Exercise data Start Marker
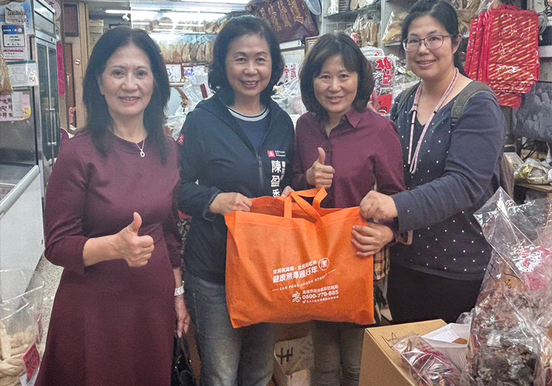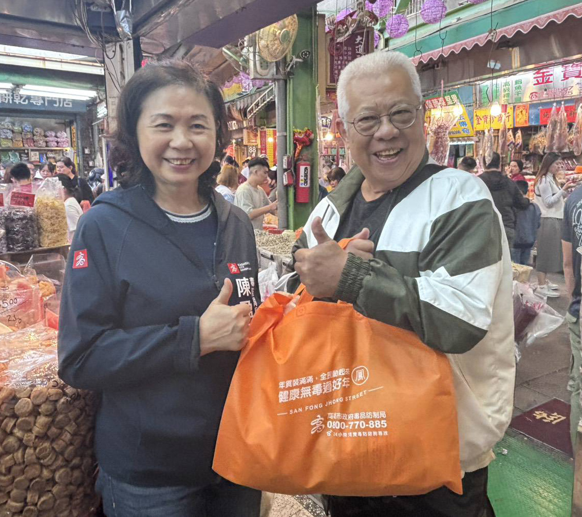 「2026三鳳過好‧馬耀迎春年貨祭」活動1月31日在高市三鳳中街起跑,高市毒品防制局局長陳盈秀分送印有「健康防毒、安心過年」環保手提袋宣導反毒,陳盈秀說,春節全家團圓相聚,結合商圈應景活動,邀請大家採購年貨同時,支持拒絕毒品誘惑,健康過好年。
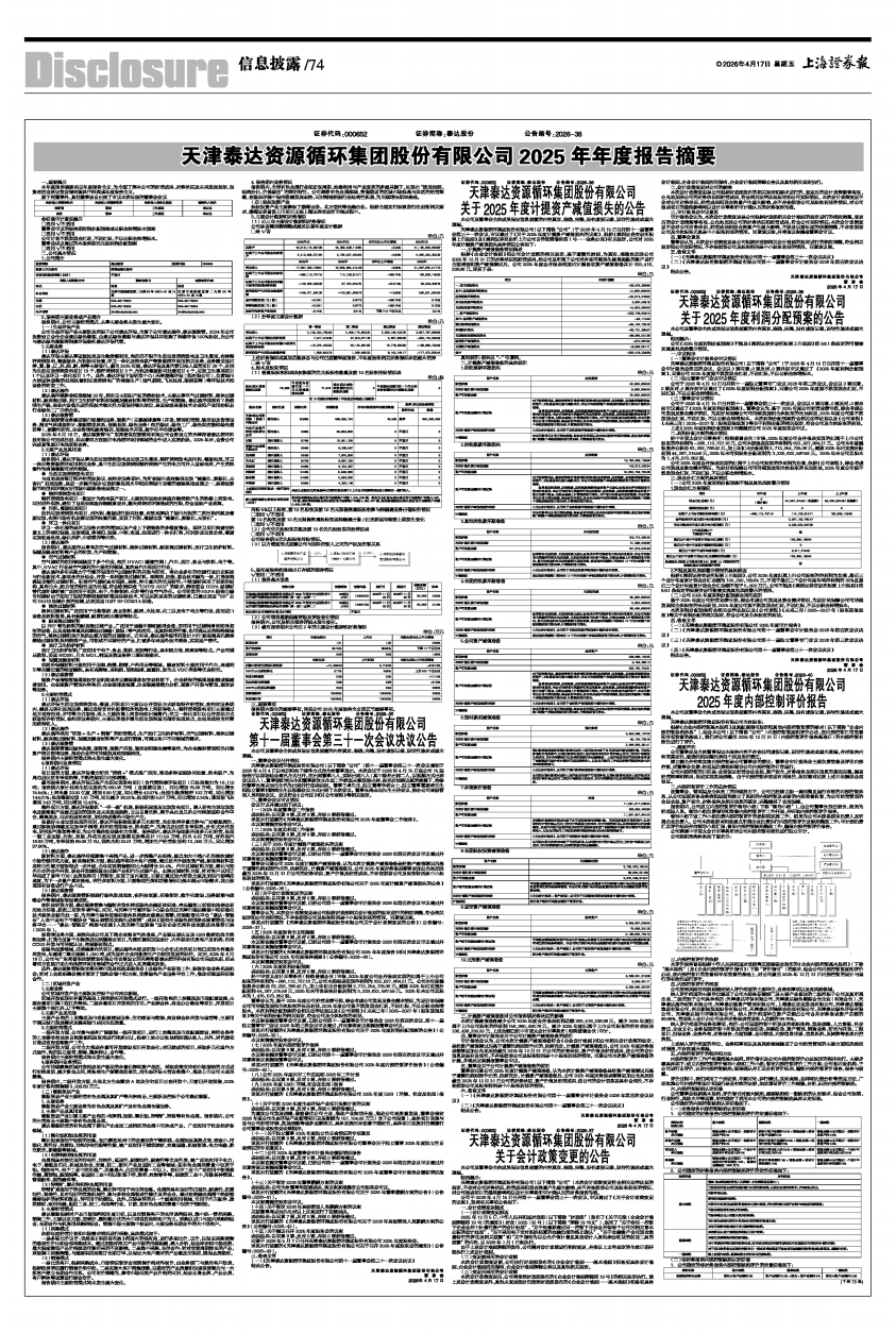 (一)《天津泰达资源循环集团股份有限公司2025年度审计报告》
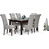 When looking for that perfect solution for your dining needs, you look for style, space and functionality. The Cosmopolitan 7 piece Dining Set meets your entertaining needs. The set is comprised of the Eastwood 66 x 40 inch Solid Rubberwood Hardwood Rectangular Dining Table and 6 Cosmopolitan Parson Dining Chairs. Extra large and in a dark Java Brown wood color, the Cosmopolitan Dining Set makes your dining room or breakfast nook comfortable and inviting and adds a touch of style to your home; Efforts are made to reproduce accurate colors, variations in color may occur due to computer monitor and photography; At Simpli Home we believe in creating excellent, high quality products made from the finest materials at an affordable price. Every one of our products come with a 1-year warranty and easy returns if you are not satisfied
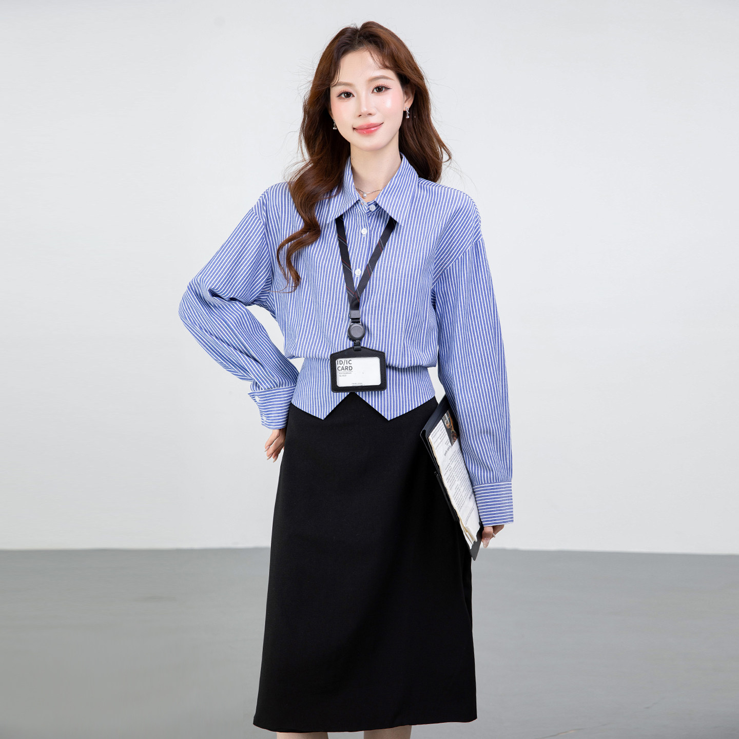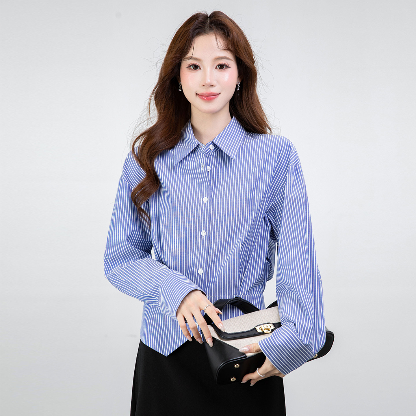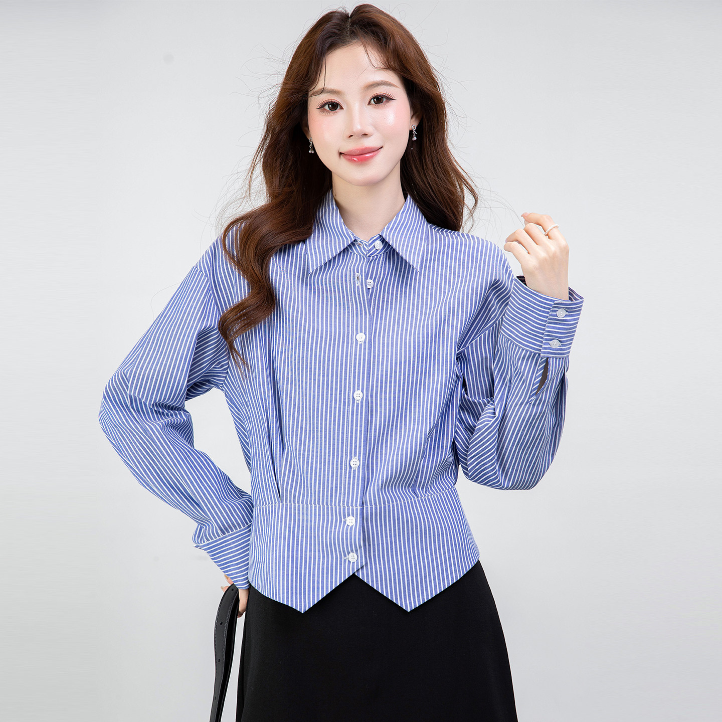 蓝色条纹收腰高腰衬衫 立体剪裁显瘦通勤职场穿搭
Exercise data End Marker
Task item:
Exact copy, pictures omitted: every line from the one holding "When looking for" through the last line of the data above, and nothing else.

Task result:
 When looking for that perfect solution for your dining needs, you look for style, space and functionality. The Cosmopolitan 7 piece Dining Set meets your entertaining needs. The set is comprised of the Eastwood 66 x 40 inch Solid Rubberwood Hardwood Rectangular Dining Table and 6 Cosmopolitan Parson Dining Chairs. Extra large and in a dark Java Brown wood color, the Cosmopolitan Dining Set makes your dining room or breakfast nook comfortable and inviting and adds a touch of style to your home; Efforts are made to reproduce accurate colors, variations in color may occur due to computer monitor and photography; At Simpli Home we believe in creating excellent, high quality products made from the finest materials at an affordable price. Every one of our products come with a 1-year warranty and easy returns if you are not satisfied
 蓝色条纹收腰高腰衬衫 立体剪裁显瘦通勤职场穿搭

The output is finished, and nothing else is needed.